- Map of Italy, highlighting Central Italy
- Country: Italy
- Regions: List Lazio; Marche; Tuscany; Umbria;

Area
- • Total: 58,028.15 km^{2} (22,404.79 sq mi)

Population (2026)
- • Total: 11,699,125
- • Density: 201.6112/km^{2} (522.1706/sq mi)
- – Official language: Italian
- – Other common languages: Central Italian; Tuscan;

= Central Italy =

Macroregion and statistical region of Italy

Central Italy (Italia centrale or Centro Italia) is one of the five official statistical regions of Italy used by the Italian National Institute of Statistics (ISTAT), a first-level NUTS region with code ITI, and a European Parliament constituency. It has 11,699,125 inhabitants as of 2026.

== Geography ==
Central Italy is crossed by the northern and central Apennines and is washed by the Adriatic Sea to the east, by the Tyrrhenian Sea and the Ligurian Sea to the west. The main rivers of this portion of the territory are the Arno and the Tiber with their tributaries (e.g.
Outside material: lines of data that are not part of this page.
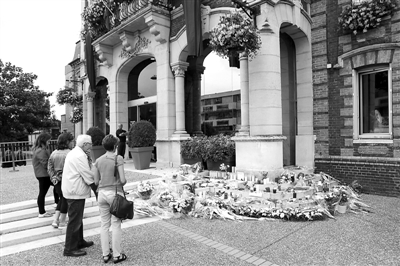 7月27日,法国鲁昂,民众前往发生人质劫持案的教堂外献花,悼念遇害牧师。东方IC 供图
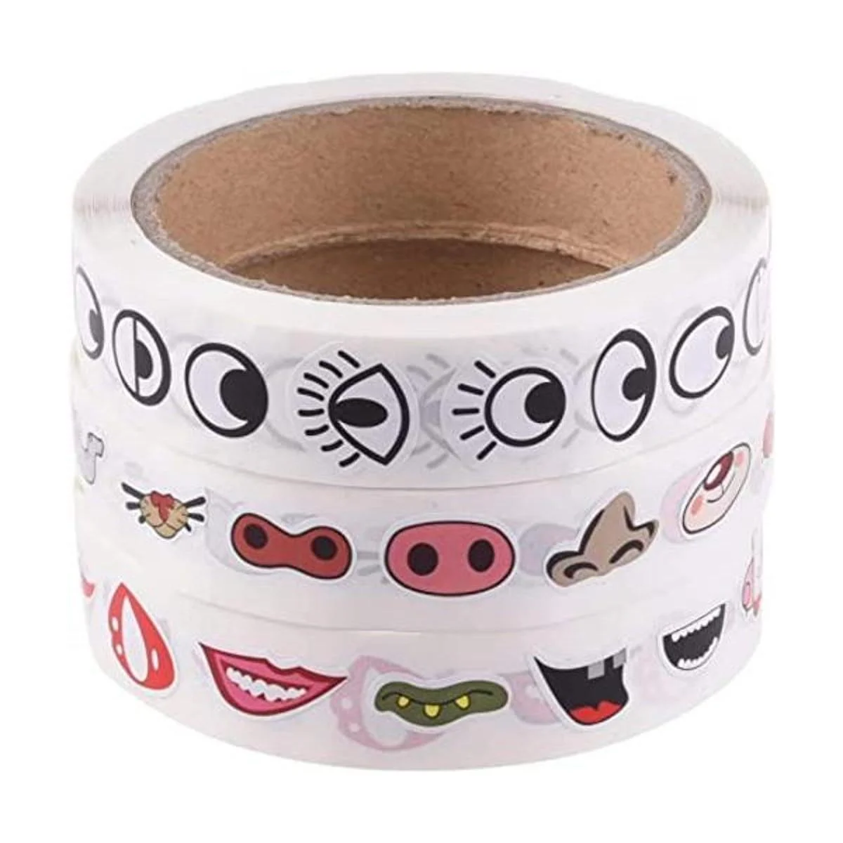 YTYKINOY 3 rollos, 3000 unidades, colorido, nariz, boca, bonitas calcomanías autoadhesivas de dibujos animados, calcomanías para manualidades, juguetes y decoración del hogar hechos a mano, 3000 unidades
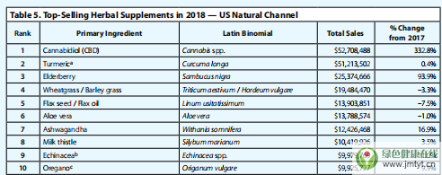 其中接骨木莓是美國各個渠道中最暢銷的五種草藥之一,在超級賣場渠道的銷售額為50,979,669美元,增長了138.4%。在專營渠道銷售額為25,374,666美元,增長了93.9%。同時南非醉茄也是新興的成分,在超級賣場渠道銷售額為7,449,103美元,增幅為165.9%,同時還以16.9%的增長率保持在專營渠道銷售草本植物的前十名,銷售額達到12,426,468美元。而備受爭議的大麻二酚雖然沒有在超級賣場渠道中成為最暢銷的草藥,但它在專營渠道中卻飆升至第一位,銷售額增長了332.8%,達到52,708,488美元。
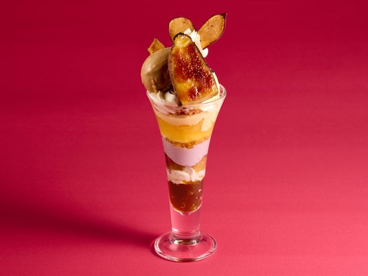 濃厚な甘みの茨城県産“紅はるか”の焼きいもをブリュレして、塩キャラメル&ナッツアイスやおいもチップスと一緒にトッピングしたビッグパフェです。ねっとりとした“紅はるか”の焼きいもと、ブリュレすることによりパリパリに仕上げた砂糖、カリッとしたおいもチップスの食感のコントラストがクセになります。
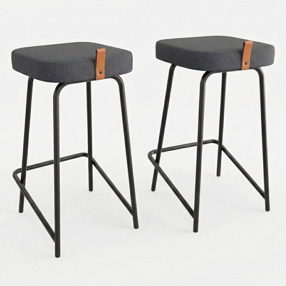 Kit 02 Banquetas Médias Para Cozinha Vik Estofada Linho Grafite - Desk Design
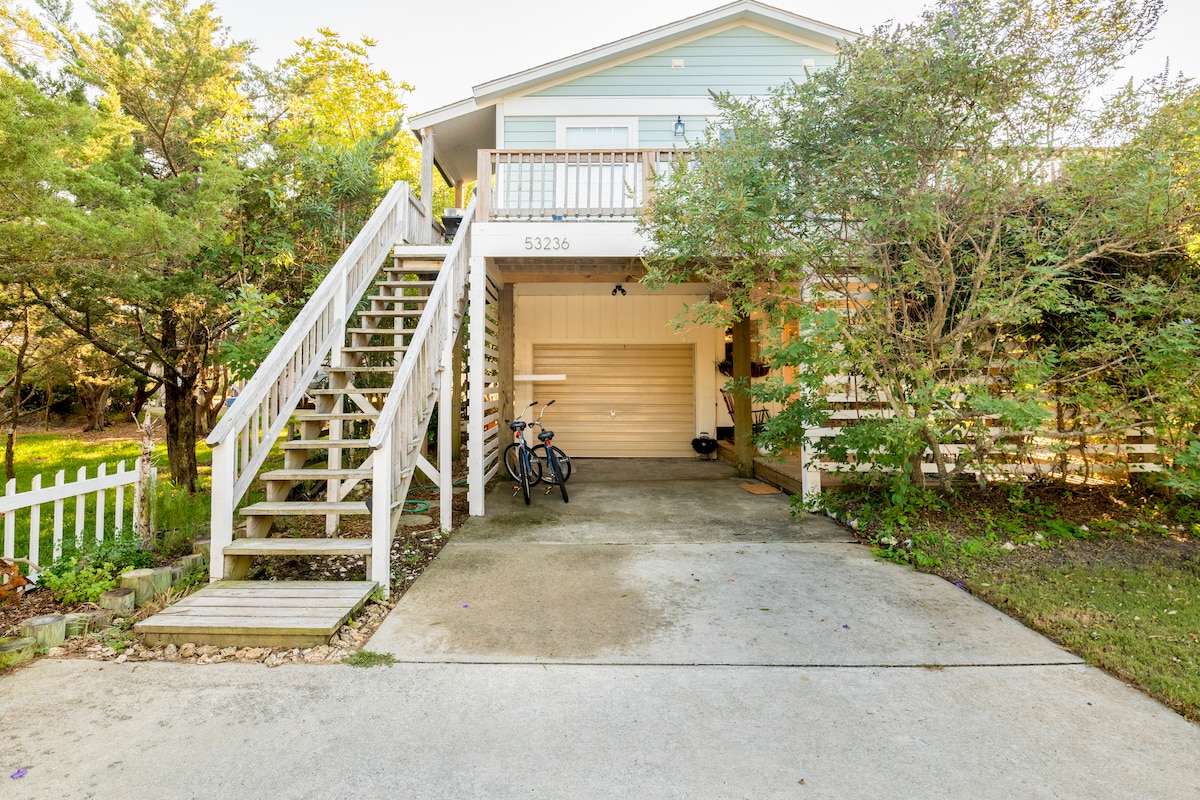 हमारा गेराज सुइट समुद्र तट और सर्फिंग थीम के साथ दो कमरे हैं। हमारे पास एक अलग गेराज है और सुइट पीछे है, अपने स्वयं के प्रवेश द्वार के साथ घर से अलग है। यहाँ एक क्वीन बेड, टिकी बार और किचन है। आप एक निजी डेक के चारों ओर बहुत सारे देवदार और बांस के साथ एकांत में होंगे। हमारी जगह ओक्रैकोक के दिल में है, जिसमें पैदल या बाइकिंग दूरी के भीतर रेस्तरां और दुकानें हैं। Ocracoke लाइटहाउस और स्प्रिंग पॉइंट नेचर प्रिजर्व 5 -8 मिनट की पैदल दूरी पर हैं।
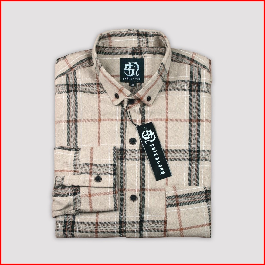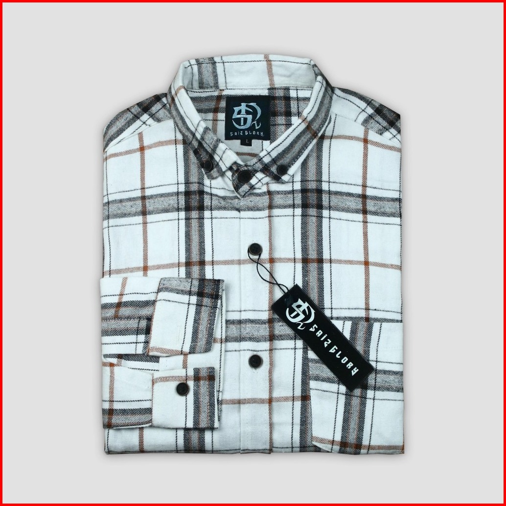 Saiz Glory Kemeja Flanel Pria Lengan Panjang Motif Korean Krem White Liner
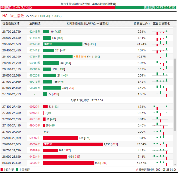 街货分布方面,周四,恒指牛证街货贴价区间主要在收回价26500点至27000点之间,累计相当约3370张期指合约;恒指熊证街货在收回价28100点至28600点,累计相当约1893张期指合约。
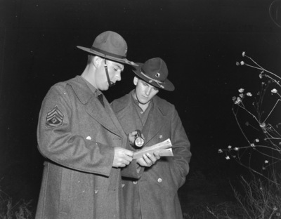 National Guardsmen leaving for Fort Bliss, El Paso, Texas. First Sergeant Samuel D. Swanson, calling roll while Corp Charles W. Richardson illuminates the roster with his flashlight. Both men are wearing full uniform and hats and are standing in a field. Published in the Fort Worth Star-Telegram Evening Edition, November 27 1940.

Aniene), and the Liri-Garigliano. The most important lakes are Lake Trasimeno, Lake Montedoglio, Lake Bolsena, Lake Bracciano, Lake Vico, Lake Albano, and Lake Nemi. From an altimetric point of view, central Italy has a predominantly hilly territory (68.9%). The mountainous and flat areas are equivalent to 26.9% and 4.2% of the territorial distribution, respectively.

=== Regions ===
Central Italy encompasses four of Italy's twenty regions, including Tuscany, Marche, Umbria, and Lazio (listed in geographical order from north to south). In the northernmost parts of this territory, specifically in the northwesternmost areas of Tuscany and the northern parts of Marche, Gallo-Italic dialects typical of Northern Italy are spoken, reflecting the intense historical exchanges between these areas and northern Italy. Conversely, the easternmost and southernmost parts of Lazio (Cittaducale, Amatrice, Sora, Cassino, Isola del Liri, Sperlonga, Fondi, Gaeta, and Formia districts, as well as the islands of Ponza and Ventotene) are sometimes connected to southern Italy (the Mezzogiorno) for cultural and historical reasons; they were once part of the Kingdom of the Two Sicilies and southern Italian dialects are spoken there, reflecting their status as part of Southern Italy until they were permanently annexed to Lazio during the administrative borders reorganization of 1927. From a strictly geographical standpoint, central Italy may also include the regions of Abruzzo and Molise, which are otherwise considered part of Southern Italy for sociocultural, linguistic, and historical reasons. Indeed, in the official macro-regional division defined by the Italian National Institute of Statistics (ISTAT) and corresponding to the European Union's NUTS 1 classification, both Abruzzo and Molise are officially categorized under South Italy.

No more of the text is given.